*TASK DIRECTIONS:* Where the line containing "Newly appointed Attorney" appears below, begin there and reproduce each line exactly through the last one, omitting pictures.

>>>

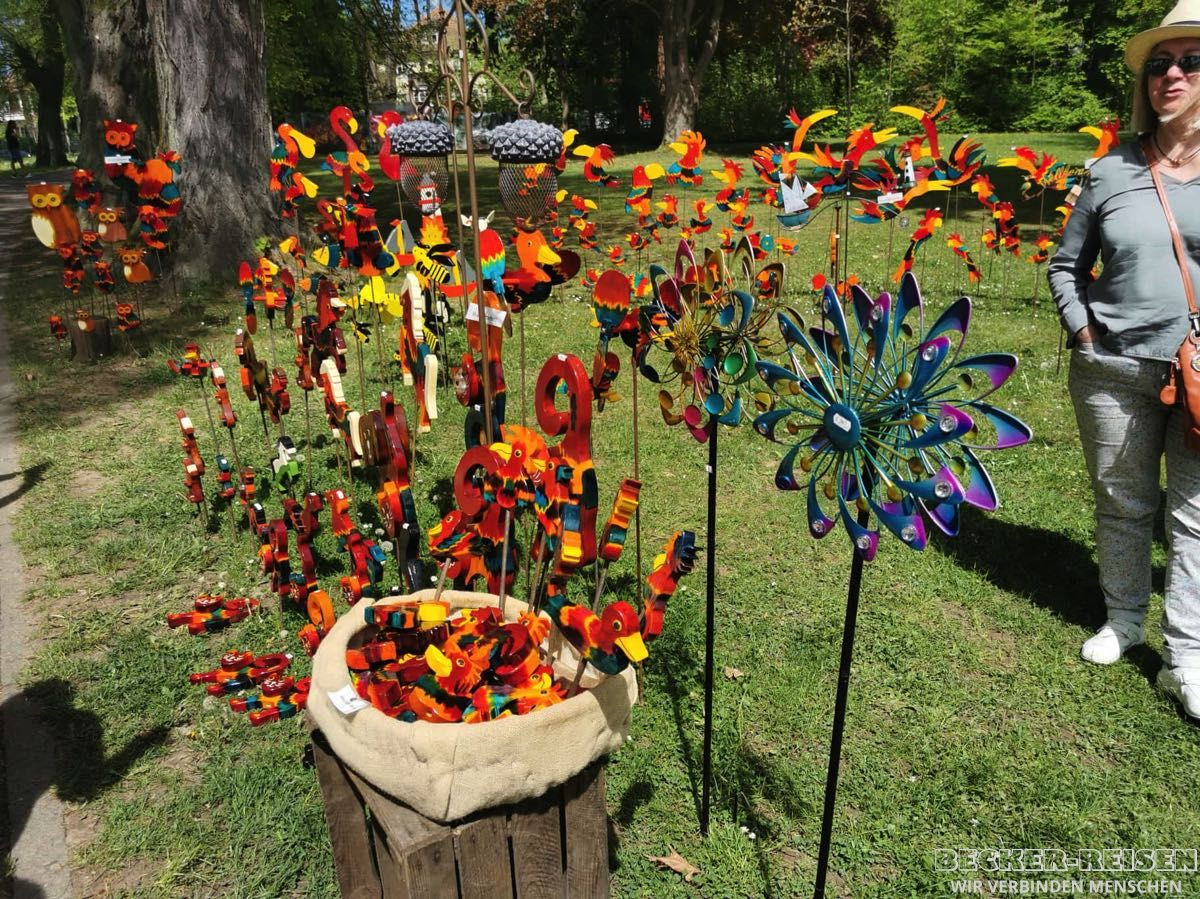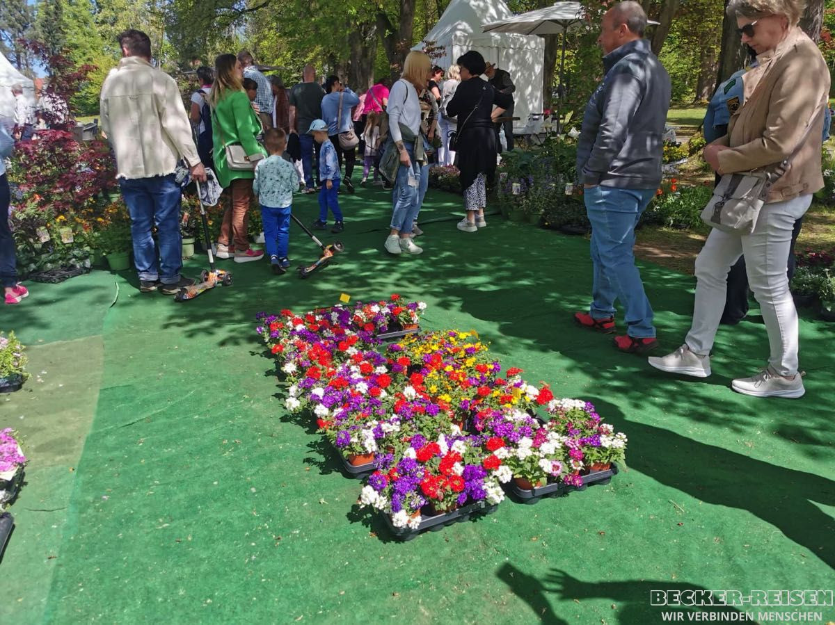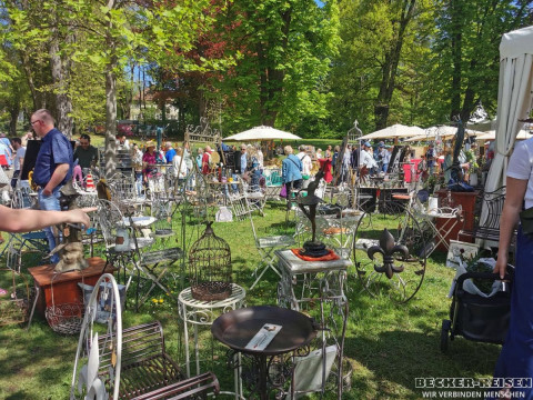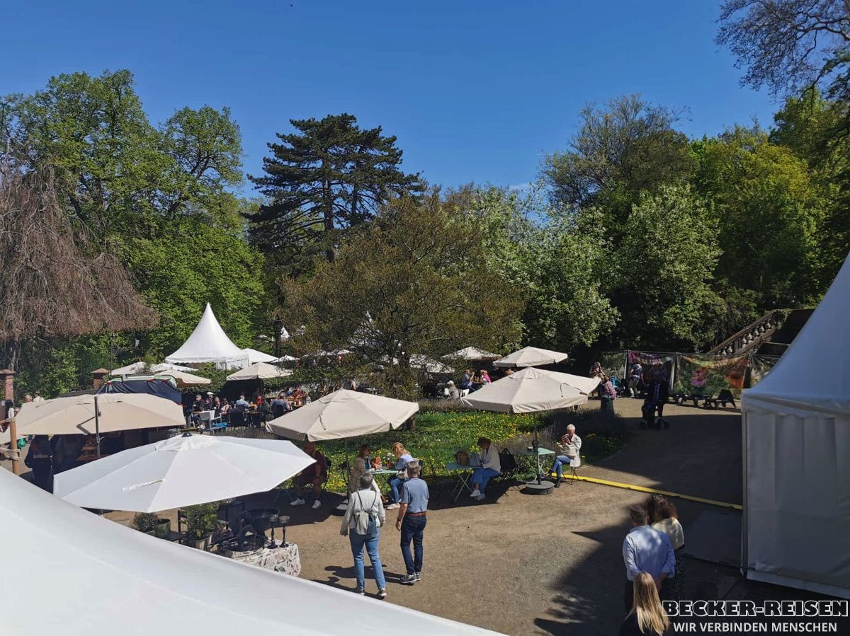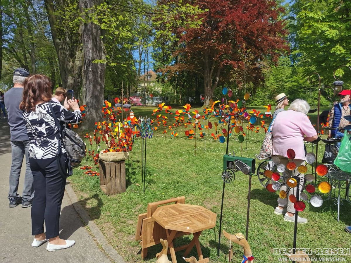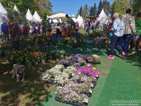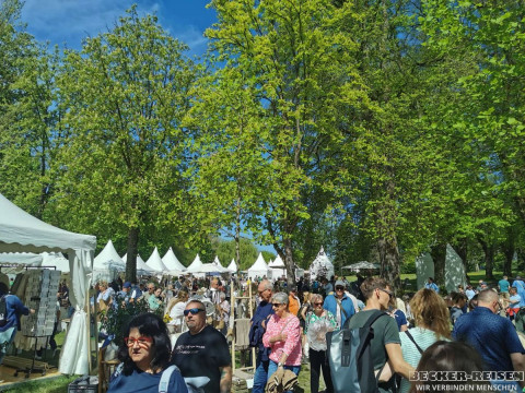 Unsere Reisegäste schlenderten entspannt über das Gelände, tauschten Tipps mit Gärtnern, genossen Kaffee und Kuchen im Schlosscafé oder ruhten sich im Schatten alter Bäume aus. Viele fanden besondere Mitbringsel – ein kunstvoll gefertigter Windfänger, ein außergewöhnlicher Rosenstock oder einfach eine neue Idee für den eigenen Balkon.
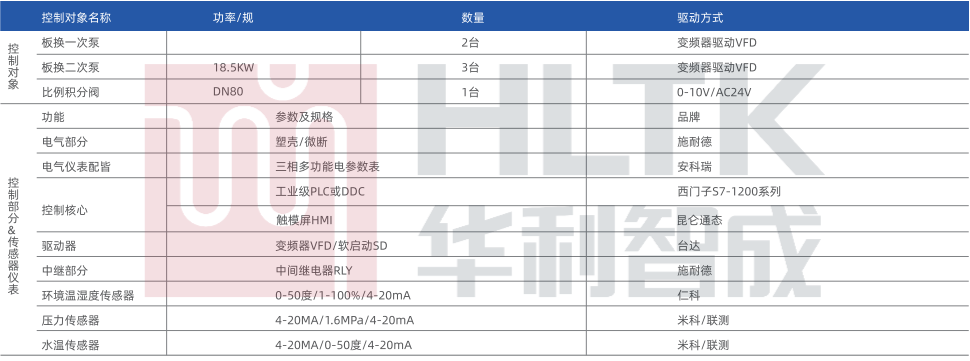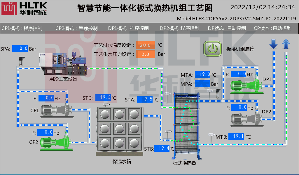 制水泵的頻率控制流量和溫度,從而實現板式換熱器的二次側熱流體的精準溫度自動控制。
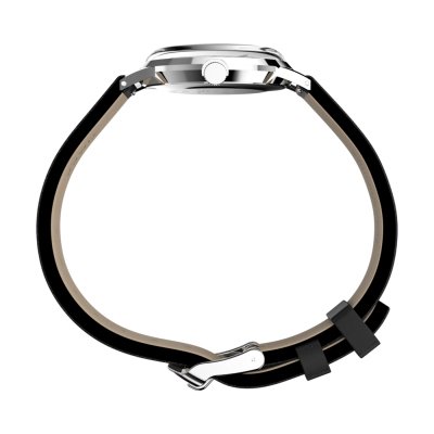 Este relógio Timex tem uma caixa de Inox com um diâmetro de 38 mm e está equipado com uma bracelete de couro. A caixa possui um movimento Timex e o relógio tem um vidro Acrílico.
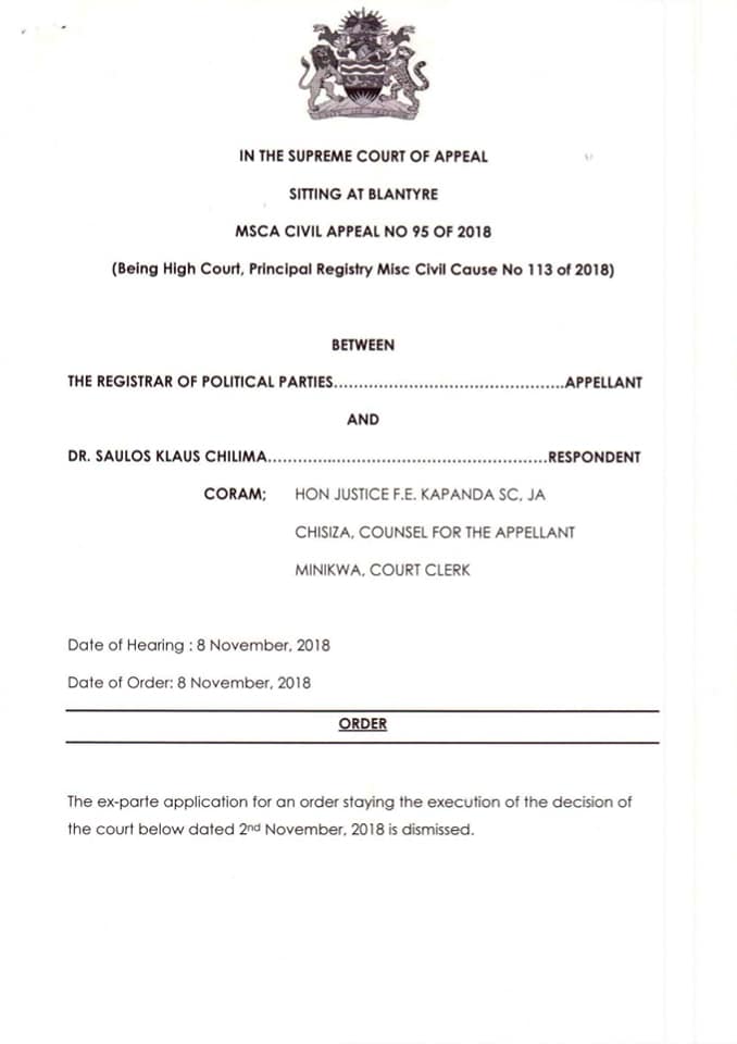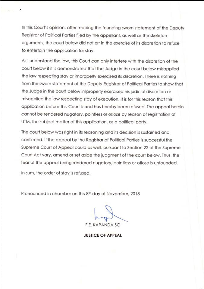 Newly appointed Attorney General Kalekeni Kaphale filed the application on Thursday asking the Supreme Court of Appeal to effect a stay order against the High Court ruling made on 2nd November this year that ordered the Registrar of Political Parties to register UTM by today.
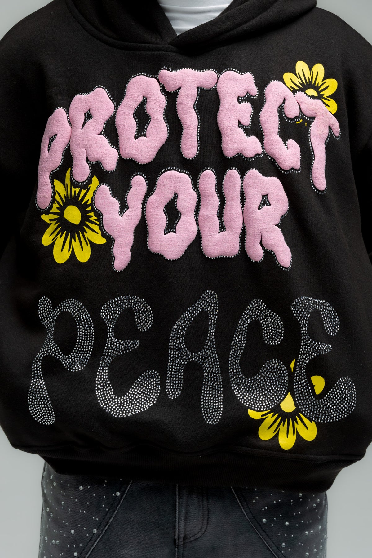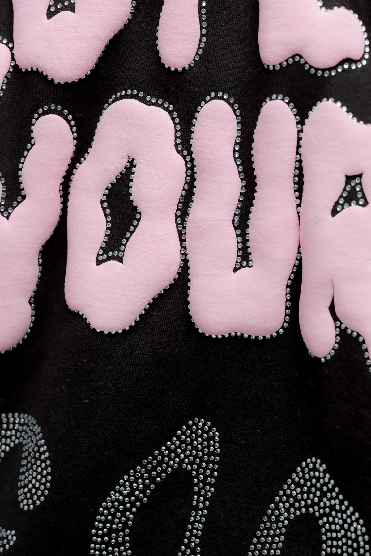 - Bold Jumbo Puff Print Design Enhanced With a Rhinestone Outline.

<<<

*ANSWER BELOW:*
 Newly appointed Attorney General Kalekeni Kaphale filed the application on Thursday asking the Supreme Court of Appeal to effect a stay order against the High Court ruling made on 2nd November this year that ordered the Registrar of Political Parties to register UTM by today.
 - Bold Jumbo Puff Print Design Enhanced With a Rhinestone Outline.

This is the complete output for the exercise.